Menahem Max Schiffer (24 September 1911, Berlin – 11 November 1997)) was a German-born American mathematician who worked in complex analysis, partial differential equations, and mathematical physics.

Biography
Schiffer studied physics from 1930 at the University of Bonn and then at the Humboldt University of Berlin with a number of famous physicists and mathematicians including Max von Laue, Erwin Schrödinger, Walter Nernst, Erhard Schmidt, Issai Schur and Ludwig Bieberbach. In Berlin he worked closely with Issai Schur. In 1934 Schiffer had his first mathematical publication. After the National Socialist regime removed Schur and many others from their academic posts, Schiffer, as a Jew, immigrated to British-controlled Palestine. On the basis of his 1934 mathematical publication, Schiffer received from the Hebrew University of Jerusalem his master's degree in 1934. He received there his doctorate in 1938 under Michael Fekete with thesis Conformal representation and univalent functions. In his dissertation he introduced the "Schiffer variation", a variational method for handling geometric problems in complex analysis. (He also introduced another important variational method.) In September 1952, he became a professor at Stanford University, as part of a Jewish refugee group of outstanding mathematical analysts, including George Pólya, Charles Loewner, Stefan Bergman, and Gábor Szegő.

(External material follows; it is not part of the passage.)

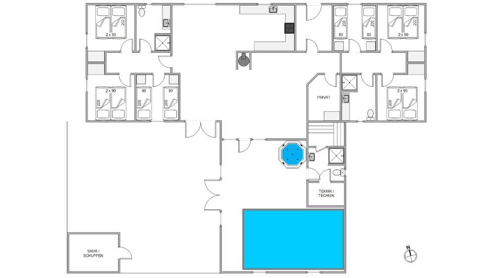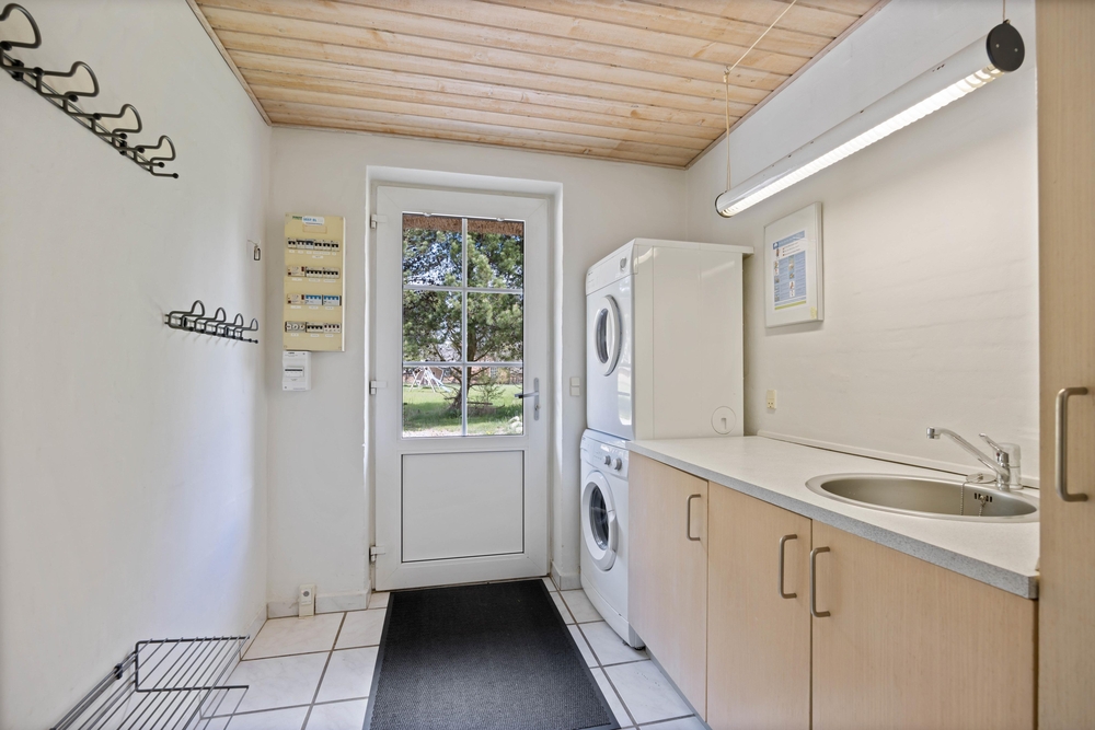 Derudover er der både vaskemaskine og tørretumbler til rådighed, som giver god mulighed for både at vaske og tørre de mange håndklæder halvvejs, hvis der skulle blive behov for det. Der er installeret energibesparende luft/luft varmepumpe til rumopvarmning, som kan understøtte et lavere forbrug end i mange andre poolhuse.

With Paul Garabedian, Schiffer worked on the Bieberbach conjecture with a proof in 1955 of the special case n=4. He was a speaker (but not in the category of an Invited Speaker) at the International Congress of Mathematicians (ICM) in 1950 at Cambridge, Massachusetts, and was a plenary speaker at the ICM in 1958 at Edinburgh with plenary address Extremum Problems and Variational Methods in Conformal Mapping. In 1970 he was elected to the United States National Academy of Sciences. He retired from Stanford University as professor emeritus in 1977.

In 1981, Schiffer became a founding member of the World Cultural Council.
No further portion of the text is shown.